▶ **Data**
***

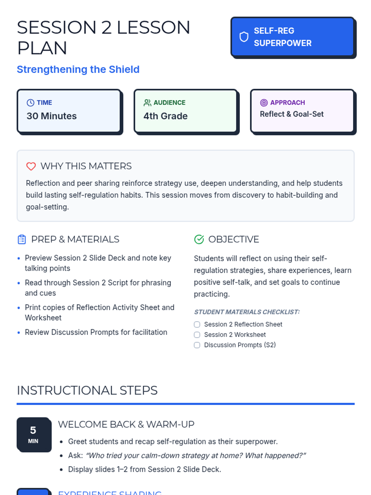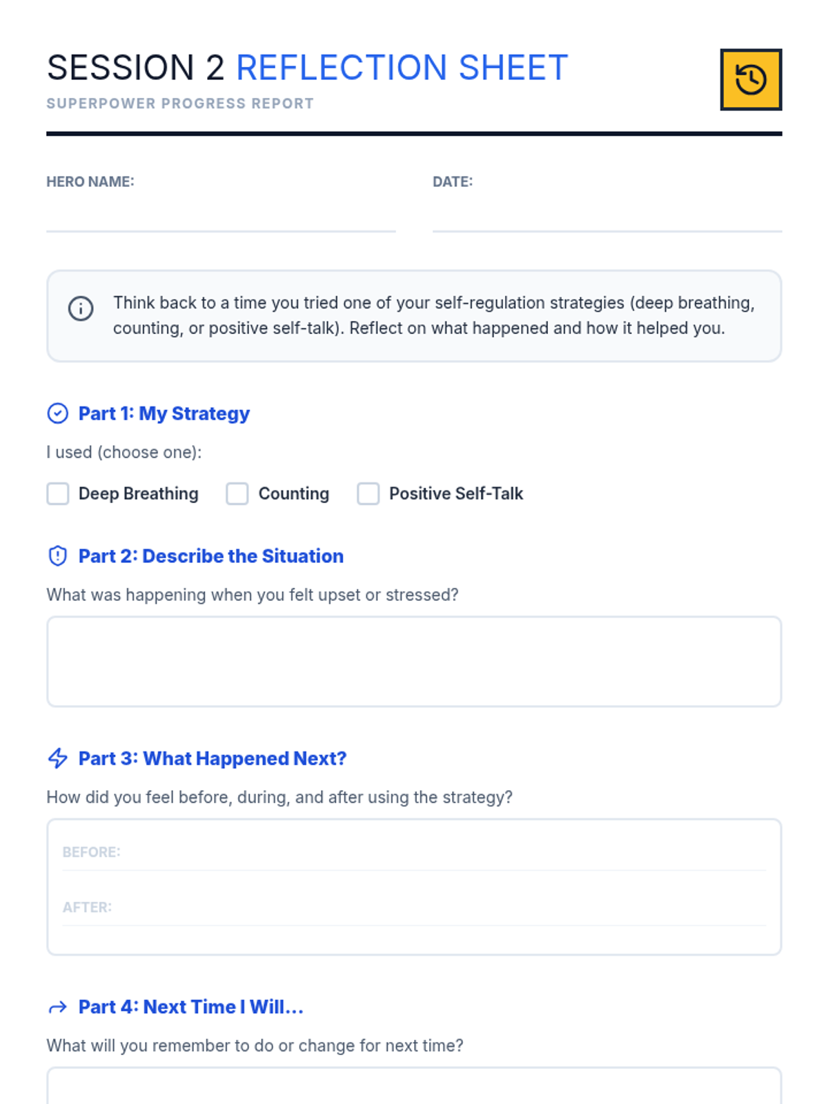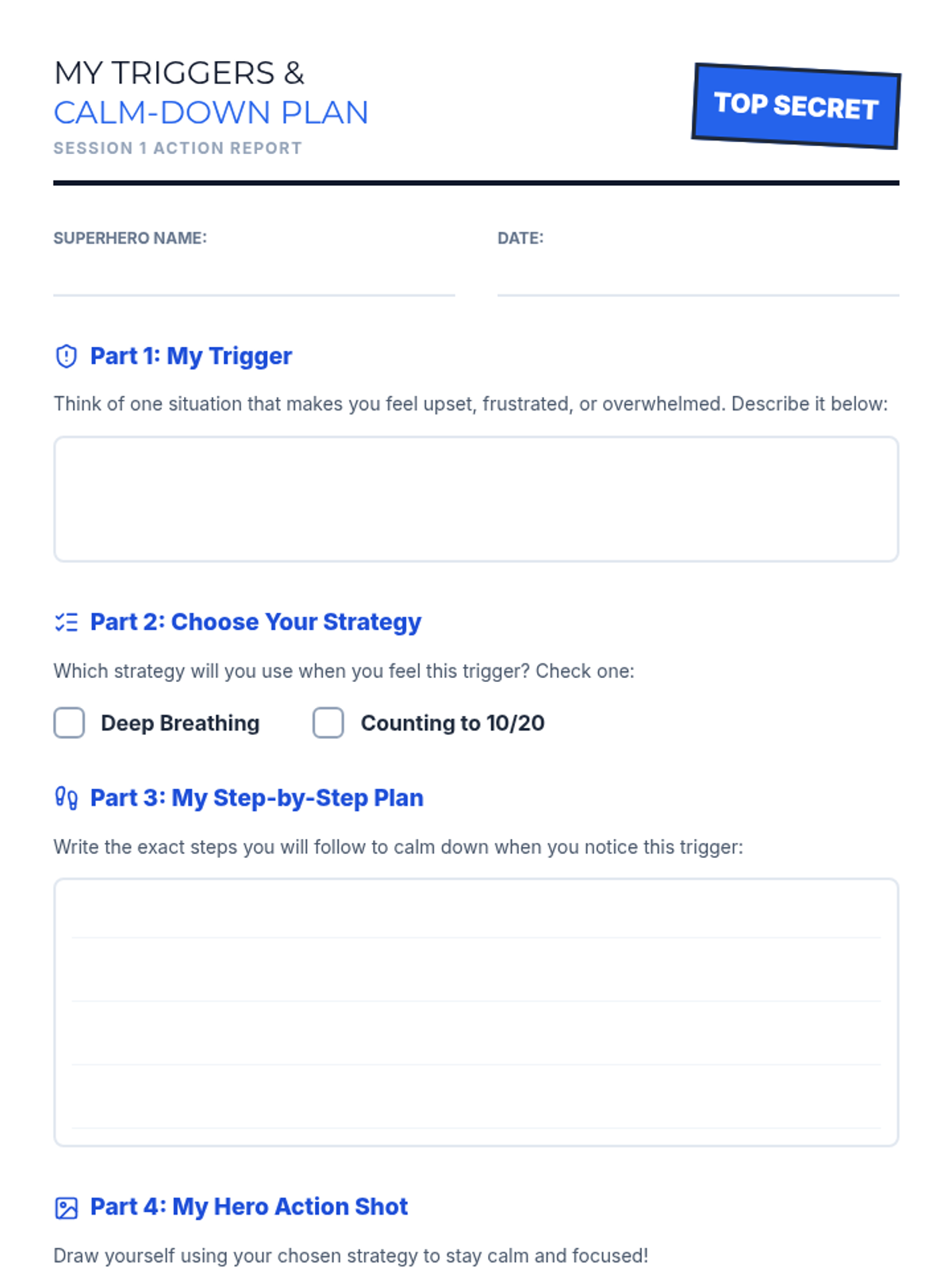 A two-part group lesson series for fourth graders designed to teach self-regulation as a "superpower." Students identify emotional triggers, learn calming strategies like deep breathing and counting, and develop personalized action plans.
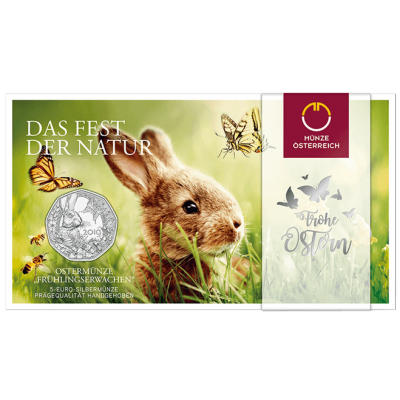 Die Karte zeigt ebenfalls einen Hasen auf einer Blumenwiese, umgeben von Schmetterlingen und Bienen. Unter dem Titel „Das Fest der Natur“ ist die neuneckige Silbermünze in die Karte eingebettet. Rechts findet man außerdem noch Ostergrüße. Die Silbermünze trägt den Nennwert von 5 Euro. Er ist umseitig zu finden, umgeben von den neun österreichischen Landeswappen. Das Sammlerstück hat einen Durchmesser von 28,50 Millimetern und ein Feingewicht von 1/4 oz. Der Feingehalt liegt bei 925/1000. Die Münze ist in der Qualität Handgehoben geprägt und hat eine Auflage von 50.000 Stück.
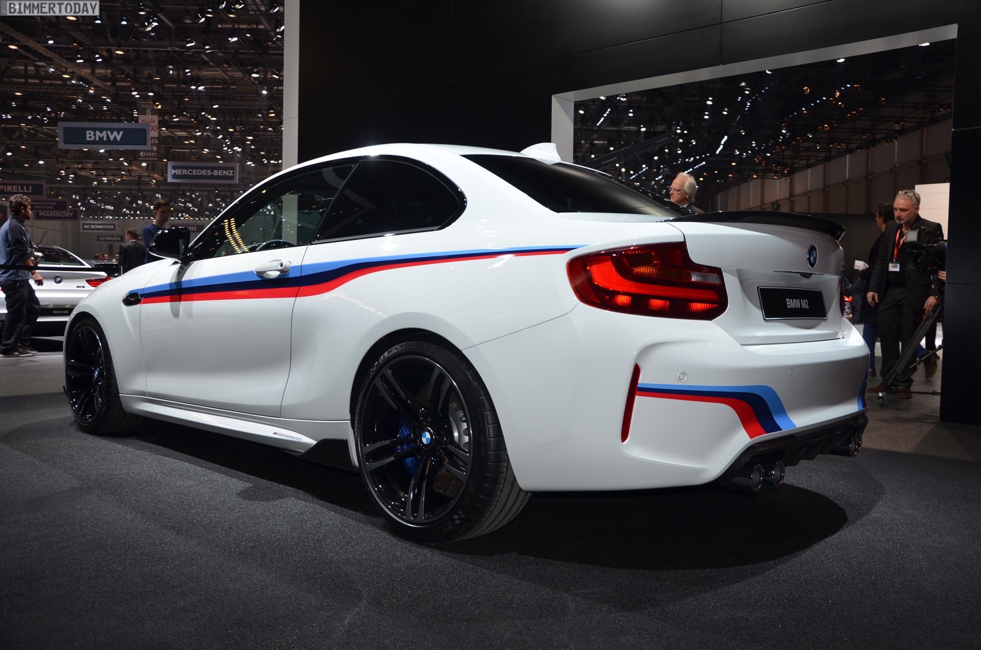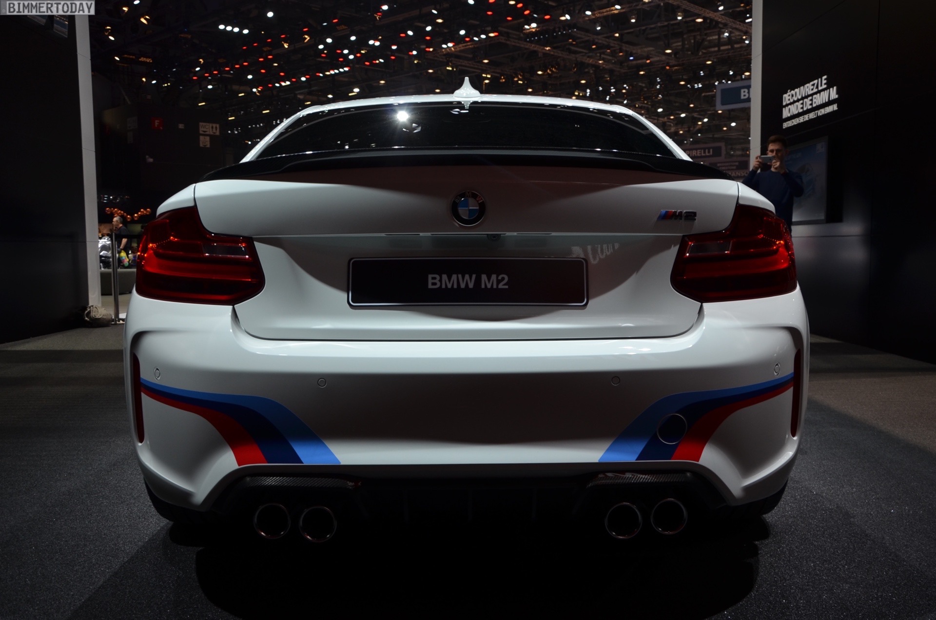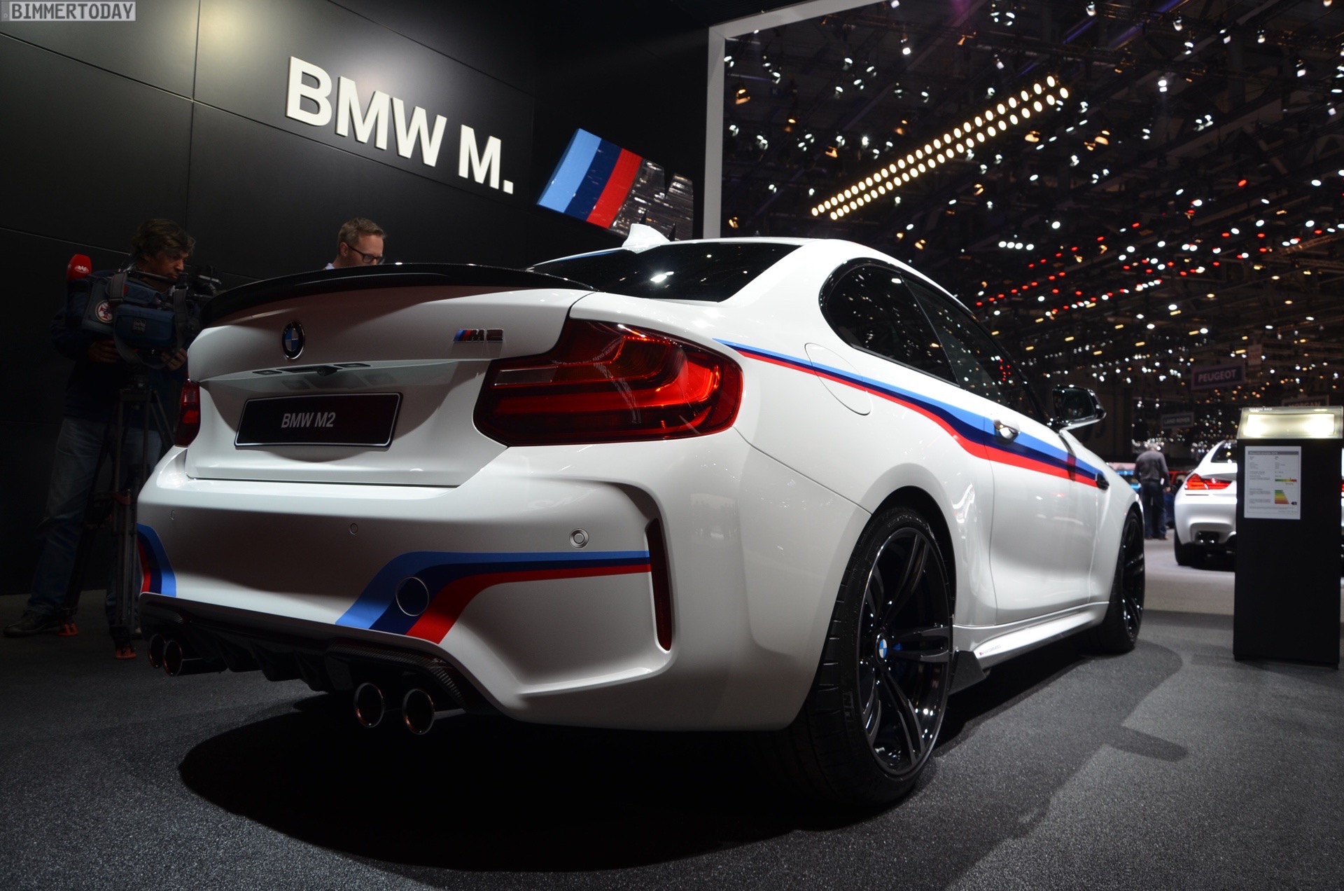 Der offizielle Marktstart des neuen BMW M2 folgt erst im April, das neue BMW M Performance Tuning-Zubehör wird aber schon jetzt auf dem Genfer Autosalon 2016 erstmals dem Publikum präsentiert. Unsere Live-Fotos zeigen den Kompaktsportler im vollen M Performance-Look, wie üblich glänzt das Fahrzeug dabei mit einer Lackierung in Alpinweiß uni und lässt die Tuning-Accessoires so besonders gut zur Geltung kommen.

***

Take the whole listing above and copy it exactly. Pictures do not go into the copy.

▶ **Task output**
 A two-part group lesson series for fourth graders designed to teach self-regulation as a "superpower." Students identify emotional triggers, learn calming strategies like deep breathing and counting, and develop personalized action plans.
 Die Karte zeigt ebenfalls einen Hasen auf einer Blumenwiese, umgeben von Schmetterlingen und Bienen. Unter dem Titel „Das Fest der Natur“ ist die neuneckige Silbermünze in die Karte eingebettet. Rechts findet man außerdem noch Ostergrüße. Die Silbermünze trägt den Nennwert von 5 Euro. Er ist umseitig zu finden, umgeben von den neun österreichischen Landeswappen. Das Sammlerstück hat einen Durchmesser von 28,50 Millimetern und ein Feingewicht von 1/4 oz. Der Feingehalt liegt bei 925/1000. Die Münze ist in der Qualität Handgehoben geprägt und hat eine Auflage von 50.000 Stück.
 Der offizielle Marktstart des neuen BMW M2 folgt erst im April, das neue BMW M Performance Tuning-Zubehör wird aber schon jetzt auf dem Genfer Autosalon 2016 erstmals dem Publikum präsentiert. Unsere Live-Fotos zeigen den Kompaktsportler im vollen M Performance-Look, wie üblich glänzt das Fahrzeug dabei mit einer Lackierung in Alpinweiß uni und lässt die Tuning-Accessoires so besonders gut zur Geltung kommen.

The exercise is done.